Recuerdo estar mirando hacia el patio con una atención de ajedrecista la manera en la que el calor consumía las escasas plantas que aún quedaban vivas. En cada doblez de articulación un hilo de sudor corría incesante. Mi padre caminaba de la sala y la cocina. Llevaba el ceño fruncido y refunfuñaba en silencio. “El Chato salió de su casa y quedó ciego, aparte de que todas las noches deben curarle las llagas que se le hicieron en los brazos y las piernas. Dice que por Javier Mina, de la Calzada para acá, la gente está muy asustada porque no es por el sol lo que está ocurriendo, sino por un ser que camina en el día. Es muy alto, grande en verdad, y se escuchan las pisadas recias que da. Como si cayeran costales de arena al piso: uno-dos, pasos, pasos. Dicen que deambula y observa. La radiación sale de él: la gente lo percibe, pero no lo puede ver. Es una presencia que no es de aquí. Se siente”, dice mi padre. Me mira sin hacerlo, se calla. Y vuelve a caminar de la sala a la cocina.

Un camión con víveres que iba hacia la plaza que está enfrente de la Unidad Deportiva Tucson se volteó súbitamente. El frente del camión tenía un impacto justo en el centro como si hubiera chocado contra un poste. Luego del choque —con ese algo— se ladeó poco a poco hacia la derecha hasta caer por completo. Cientos de personas miraban por las ventanas de los edificios. En esa zona el calor reportó 43 grados.

La radio comenzó con el reporte justo a las nueve de la mañana. El suceso propició una atmósfera funesta. Mi padre repetía constantemente: “La gente que comenzó a vivir de noche no está sufriendo porque esa cosa que nos camina sólo deambula por el día. Algo nos hará, de eso estoy seguro o nos mataremos entre nosotros antes de que eso suceda. Una de dos”. Guardaba silencio por unos minutos y después repetía con las mismas palabras: “La gente que comenzó a vivir de noche no está sufriendo porque esa cosa que nos camina…”.

Al atardecer salí y di dos pasos. Me detuve y giré la cabeza lentamente de un lado a otro. Estudié detenidamente todo el perímetro: la luz del sol caía en el atardecer de verano. De cuando en cuando pasaba un automóvil a gran velocidad, que después giraba en una esquina y se detenía a esperar que el motor se enfriara. Luego de unos minutos retomaba la marcha por el camino de fuego. La sombra de los edificios cubría casi toda la acera y el dorado solar arreciaba sobre las fachadas de enfrente. Caminé otro poco y miré hacia el oriente: algunas personas comenzaban a salir de sus hogares para vivir durante la noche que se acercaba. Donde el sol caía a plomo seguía desértico. Un viento cálido soplaba ligero y diáfano desde el poniente, arreciaba un poco y hacía vuelcos levantando polvo y arena. El cielo lucía despoblado. Caminé hasta pararme a mitad de la calle, justo en la frontera entre la sombra y la luz. Miraba el hervor del calor que se mantenía en el asfalto. Las escasas personas que salían poco a poco de sus casas lo hacían como animales silvestres, con extrañeza, midiendo el terreno con el temor de encontrar a un depredador.

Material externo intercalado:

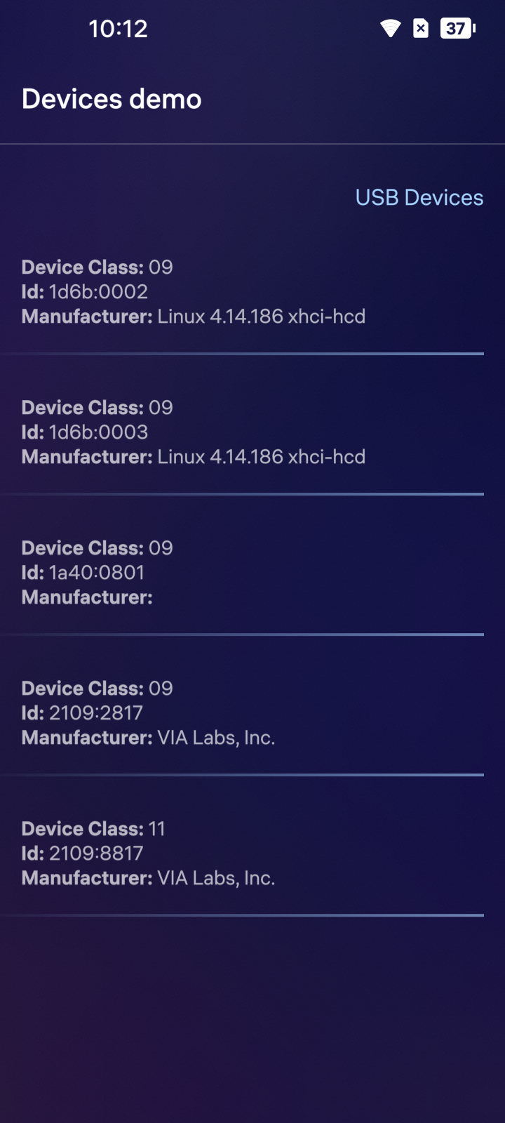 An example demonstrating how to use the USB API in the Aurora operating system. It shows one way to build and use the libusb library.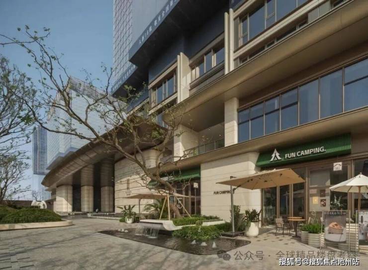 穿过大门后,利用架空层形成的围合的空间,打造了一个水景庭院,用潺潺水声悄悄过滤掉城市的嘈杂,实现工作到生活的“一秒切换”。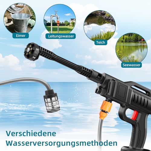 - 【Wide Application】: The cordless pressure washer can easily draw water from bottles, buckets, ponds, streams or any water source, saving a lot of water and working time. The Cordless Pressure Washer is equipped with a 16.4-foot hose, which means you can carry it with you without connecting to the faucet. The pressure washer is suitable for washing cars, electric cars, bicycles, fences, terraces, gardens, yards, outdoor furniture, etc.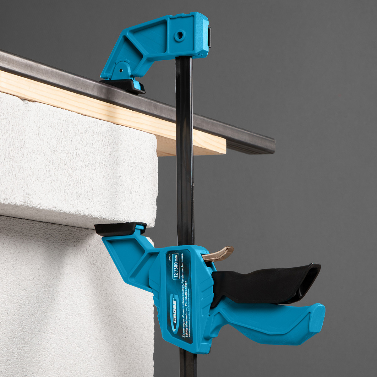 Реечная быстрозажимная струбцина Gross 20702 пистолетного типа, с пластиковым корпусом, с шириной зажима 300 мм, с пошаговым механизмом, используется для зажимания заготовок при выполнении столярных или монтажных работ. Удобна для фиксации деревянных деталей, т. к. пластиковые накладки на губках не повреждают их поверхность при сжатии. Подвижная губка пошагово перемещается по рейке, постепенно зажимая обрабатываемый предмет. Курковый фиксатор удерживает ее в заданном положении. Инструмент рекомендован для профессионального использования.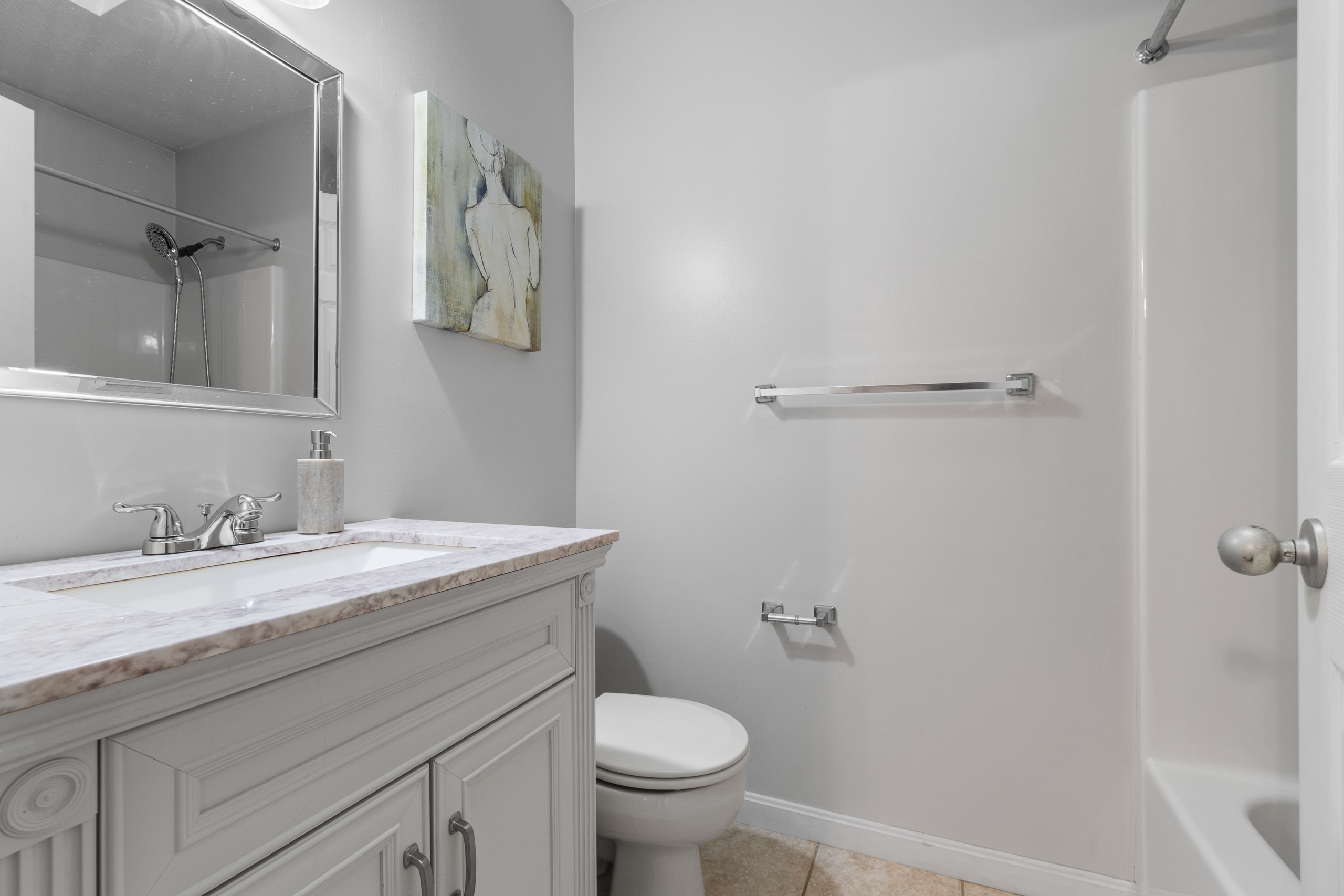 The elegant primary suite offers a walk-in closet and a luxurious ensuite bathroom, fully updated in 2023 with modern finishes for a spa-like feel. A second generous bedroom and full guest bath provide flexibility for visitors or a comfortable home office. The nearby laundry room adds everyday convenience.

Miré atentamente las fachadas de enfrente, el estilo colonial, el rostro del ángel sin expresión labrado en la cantera, las figuras que recorrían la parte superior de una casona, la gran puerta de madera de otra; de pronto me crucé completamente hasta donde el sol aún alumbraba la acera.

En un poyo de concreto me recargué para mirar hacia el poniente, como desarticulando la postal: el sol se ocultaba, poco a poco, tras las nubes rojas hechas de pequeñas volutas de contorno naranja y centro rosado, blanco, azul y rojo; el cielo se teñía de rosa, de púrpura, morado, azul y una estrella como zafiro se dibujaba en el firmamento. La avenida por donde pasó el último vehículo del día estaba desolada. Nadie caminaba por ella, nadie hablaba, nada se oía. Algo pasa en el entorno, pero nadie sabe lo que es. Alguien o algo nos visitó. Todos temen y esperan que la respuesta llegue del cielo, de donde han llegado también las laceraciones que han hecho a la gente temer.

Ya es imposible seguir viviendo de día: el firmamento ya es rojo.